Ciao Viviana, ben ritrovata.
Nel tuo racconto vedo un problema: l’espediente, la machina, è troppo esplicito. Un piccolo congegno elettronico che fa rivivere gli orrori dell’olocausto.
Un’arma del genere è come l’Anello di Sauron del Signore degli Anelli e non può essere trattato con tanta leggerezza.
Né si capisce bene perché Mattia se la prenda con Dario. Se è una vittima casuale, non ha molto senso. Se è una vittima perché non ha aiutato l’altra vittima precedente del primo quadro… ma come poteva farlo? Lo hanno portato via subito gli altri due…
Insomma, lo dici tu stessa nell’epilogo:
Non gli è chiaro perché quel pazzo gli abbia voluto fare una cosa del genere,

Né a lui né al lettore.
Alla prossima!

viviana.spagnolo
Messaggi: 20

Messaggio#18 » lunedì 16 marzo 2015, 15:16

Ciao, Viviana! La tua scrittura è delicata e lineare. La definirei corretta... anche se un tantino poco incisiva. Ho trovato davvero efficace ed azzeccata la tua scelta di alternare corsivo e non corsivo. Il salto da passato a presente è complicato da realizzare con chiarezza e credo che tu te la sia cavata piuttosto bene... anche se qualche problemino c'è!

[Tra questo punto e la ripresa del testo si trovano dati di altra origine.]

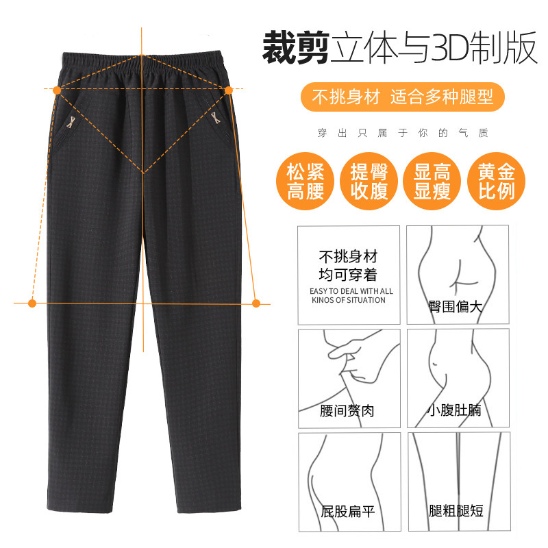 妈妈裤子春秋款松紧高腰弹力中老年女裤宽松大码直筒奶奶加绒长裤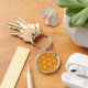 "Keep your keys safe and stylish with a round keyring featuring a unique pattern of abstract flowers."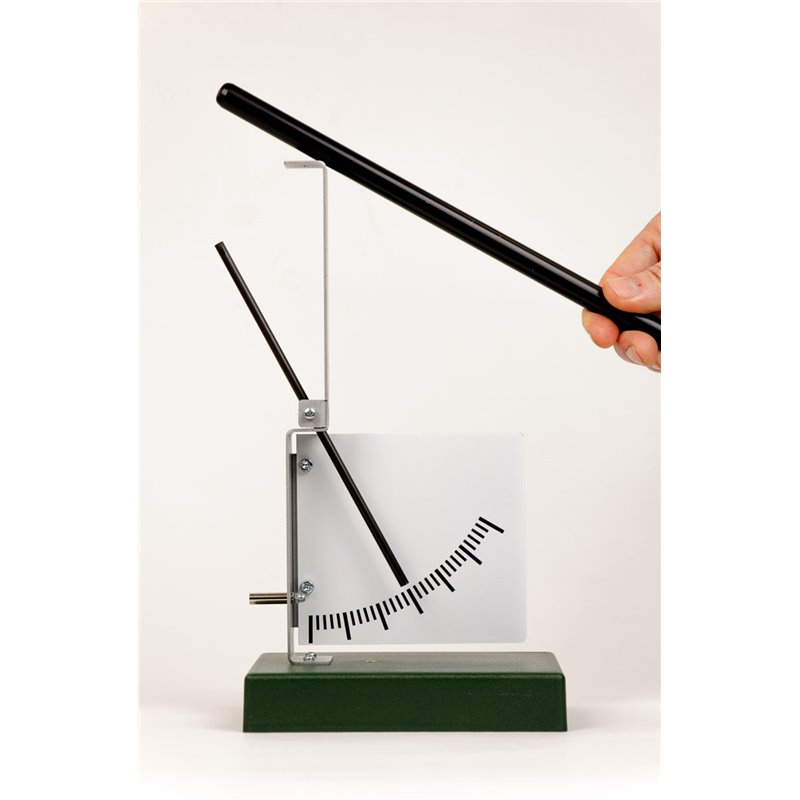 große Skala mit 30 Teilstrichen (je 2°) zur quantitativen Ablesung des Zeigerausschlags, großer Standfuß aus Kunststoff.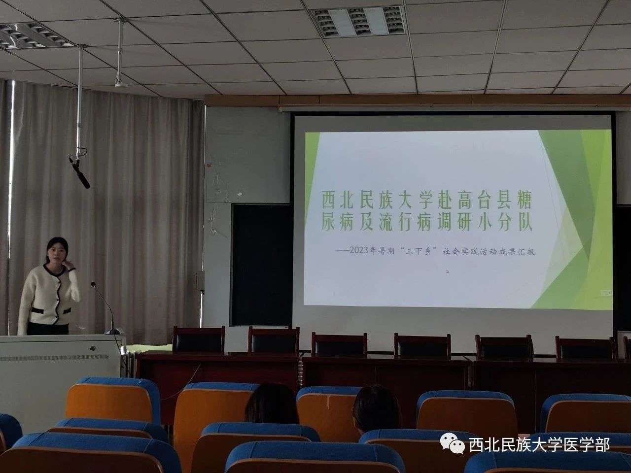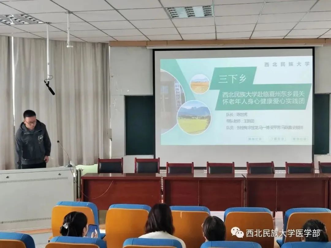 随后,13支代表队依次作了社会实践成果分享。方镜臣同学分享了张掖高台县糖尿病及流行病实践团的实践经历,他们深入高台县城区部分卫生服务中心、巷道镇卫生院及镇辖13个村,对糖尿病人开展随机调查问卷和数据采集工作。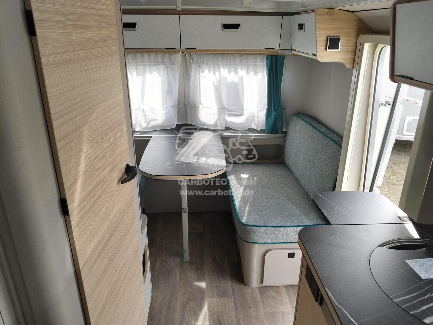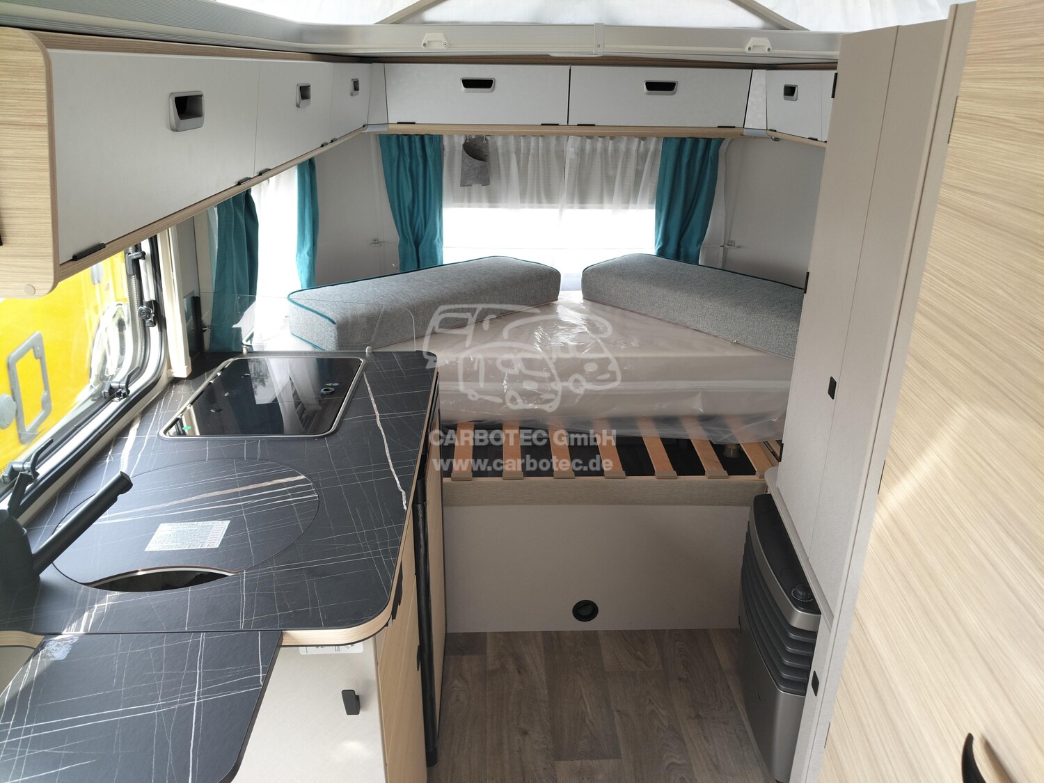 - Komfort-Paket (Fliegenschutz-Rolltür (gesamte Türhöhe), bedienfreundlich durch seitliche Führung, Komfort-Plissee-Rollos, Steckdosenpaket (2 x 230 V Steckdosen und 1 x USB-Doppelsteckdose), Abfalleimer in Eingangstür integriert, Spülenabdeckung mit Schneidebrett für Edelstahlspüle, Zusätzlicher Vergrößerungsspiegel mit Magnethalterung)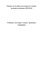 Реферат по история на българското училище традиции и иновации (1878-1944). Подходящ за студенти по история. Темата е Учебникът по история – същност, функции и съдържание...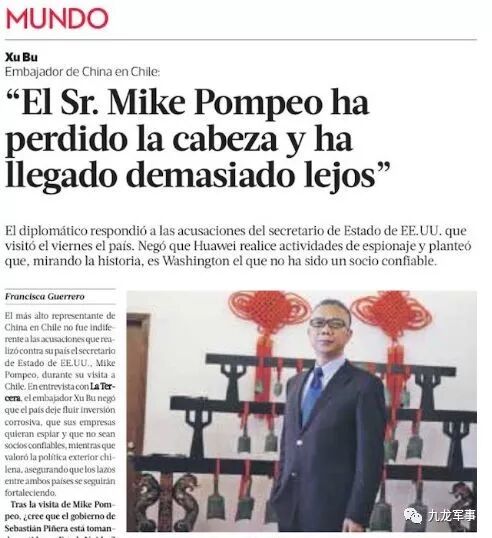 徐步大使4月13日接受智利主流媒体《三点钟报》的专访,斥责蓬佩奥先生已经失去理智,他走得太远了...蓬佩奥是个伪君子。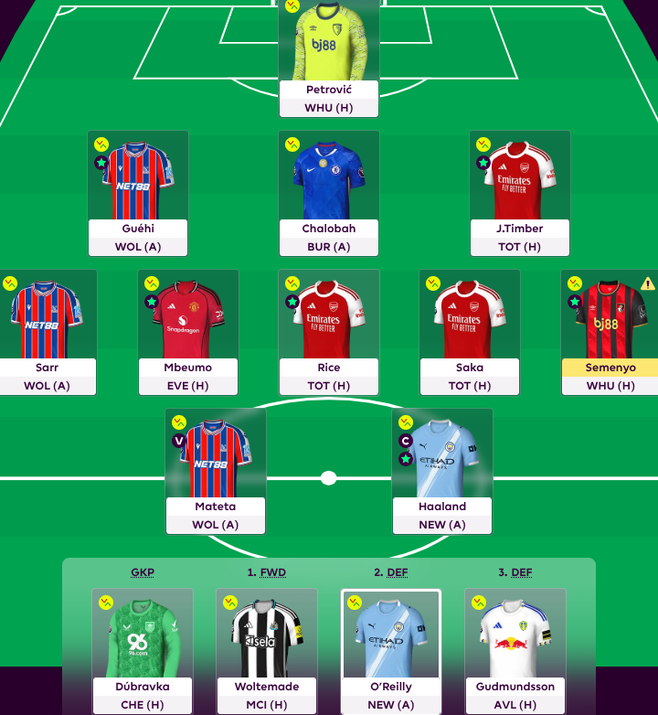 Saka’s 12-pointer generously papered over the cracks of what was otherwise a damp squib of a week. We scraped a pair of clean sheets at the back, captain Haaland decided to miss a penalty just for the drama but still found the net, and despite Newcastle’s latest away-day implosion, Woltemade kindly chipped in with 5 points.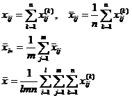 Suppose n times of tests are made under the conditions of factor A i and factor B ij , and the test data is , and the inspection steps are as follows:![]()

Il tutto, però, è godibile... dal gusto quasi cinematografico.

diego.ducoli
Messaggi: 265

Messaggio#19 » lunedì 16 marzo 2015, 22:40

Ciao Viviana

Un racconto gestito con maestria, i passaggi tra Dario e Mattia sono ben definiti, il tema dei Lager benché non proprio originale da un certo spessore alla storia.La nota che stona in tutto il brano è il finale, quel marchingegno che salta fuori dal nulla stona veramente molto, sembra quasi che non sapessi bene come chiudere la storia.